Communicating those insights to the community is essential to the framework’s success. Making eco-friendly information and resources easily accessible is one crucial step — but changing consumer behaviors might be even more important, Dalrymple said.

Changing habits is hard, as anyone who has succeeded or failed in changing their diet will tell you.

Mick Dalrymple, USC chief sustainability officer

“Changing habits is one key to success in sustainability initiatives,” Dalrymple said. “Others include having the right infrastructure in place, as well as tools, procedures, policies, default options and support to make change easier. Changing habits is hard, as anyone who has succeeded or failed in changing their diet will tell you. But USC has major research expertise in behavior change, particularly in messaging. We intend to tap into that to amplify sustainability impact on campus and in broader society.”

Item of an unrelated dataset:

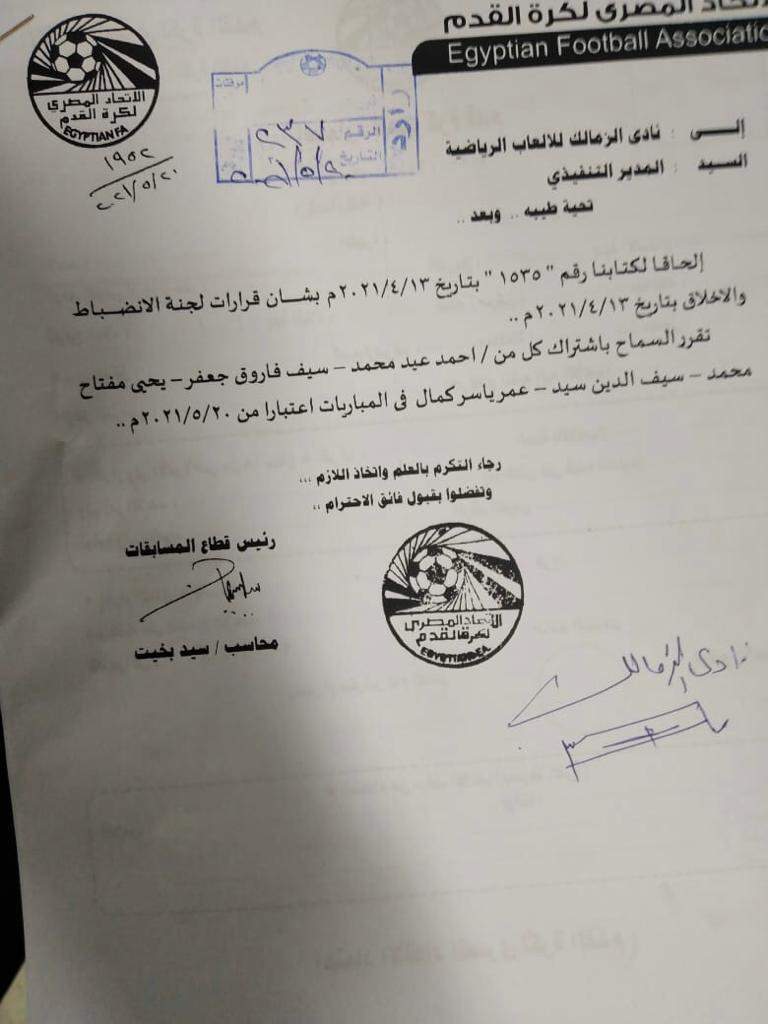 وكان النادي الأهلي أكد في بيانه تمسكه بتنفيذ العقوبة المؤيدة من لجنة الاستئناف بإيقاف لاعبي الزمالك «أحمد عيد - سيف فاروق – عمر ياسر – يحيى مفتاح – سيف الدين سيد» مواليد ٩٩، ثمانية مباريات، وغرامة مائة ألف جنيه؛ جراء قيامهم ببعض التجاوزات الأخلاقية عقب مباراة الأهلي والزمالك في «بطولة الجمهورية مواليد ٩٩» والتي أقيمت في ١١ـ٤ـ٢٠٢١، وعدم السماح لهم بالمشاركة في المباريات، وأن يبدأ عدد المباريات الموقوفين فيها بدءًا من المباراة الفاصلة بين الأهلي والزمالك مواليد ٩٩ والتي حدد اتحاد الكرة يوم ٢٦ مايو الجاري موعدًا لإقامتها بملعب السكة الحديد، وبالتالي تصبح مشاركة اللاعب سيف فاروق في مباراة ناديه مع طلائع الجيش في الدوري أمس الأول مخالفة للوائح والقوانين.

Carbon neutrality goal ambitious, but in sight

A major plank of Assignment: Earth is the recently announced commitment to achieve carbon neutrality by 2025. Initially shared with the USC community in December, the plan relies on the development of new energy-efficient buildings, improvements to older campus structures and the installation of more solar panels across the university.

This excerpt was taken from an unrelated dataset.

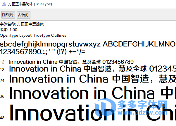 方正正中黑简体.TTF=FZZhengHeiS-DB-GB.ttf=FZZZHONGJW–GB1-0.ttf字体,如下图
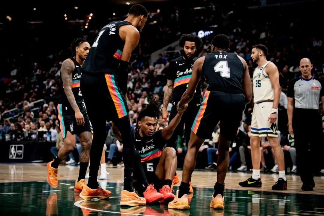 本赛季文班亚马缺席的17场比赛,马刺取得了12胜5负,其中在11-12月文班亚马受伤的12场比赛里,马刺全队足足有7人场均得分上双,包括福克斯(25.2分)、卡斯尔(只打了3场,17.3分)、瓦塞尔(17.2分)、巴恩斯(15.6分)、凯尔登(15.4分)、尚帕尼(13.2分)、哈珀(13.0分)。

Substantial progress toward this goal is already evident. Solar panels atop the Galen Center and the USC Wrigley Institute for Environmental Studies on Catalina Island have produced over 1 million kilowatt-hours of carbon-free energy since their installation in 2020. Other energy efficiencies account for 13% of the overall decrease in greenhouse gases since 2014.

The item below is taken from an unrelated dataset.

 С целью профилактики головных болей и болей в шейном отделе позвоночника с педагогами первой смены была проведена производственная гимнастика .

Alternative transportation methods also have grown in popularity over the past decade at USC. From 2014-2019, single-occupancy vehicle use by students, faculty and staff dropped 18% while bicycling, walking and electric vehicles exploded in popularity. To serve the new EVs, more than 200 charging ports have been installed on both USC campuses, including 99 ports in the new Valley Parking Lot on the Health Sciences Campus, one of the largest installations at a single location in Los Angeles.

Students leading the way in USC sustainability efforts

The phasing out of plastics aside, USC has numerous sustainability-oriented projects underway or nearing completion. The under-construction Dr. Allen and Charlotte Ginsburg Human-Centered Computation Hall is set to achieve the highest standard in environmentally friendly buildings. The structure — which will house the USC Viterbi School of Engineering’s Department of Computer Science — will be the sixth LEED-certified building on USC’s campuses when it opens next year. An additional 200 clean-stream recycling stations will be installed by this summer, bolstering the 70 already in use.

It’s a big assignment, but we’re all in.

Carol L. Folt, USC president

While these initiatives and others will leave their mark on the university, Folt isn’t doing this for the plaudits. She said she has felt since her first day in office this work is required of any major research university in the era of climate change.

“Our Presidential Working Group on Sustainability — along with everyone across the university — has been working hard on Assignment: Earth,” she said. “This will be an all-hands-on-deck, collaborative effort to expand sustainable operations on our campuses and incorporate sustainability into the academy. It’s a big assignment, but we’re all in.”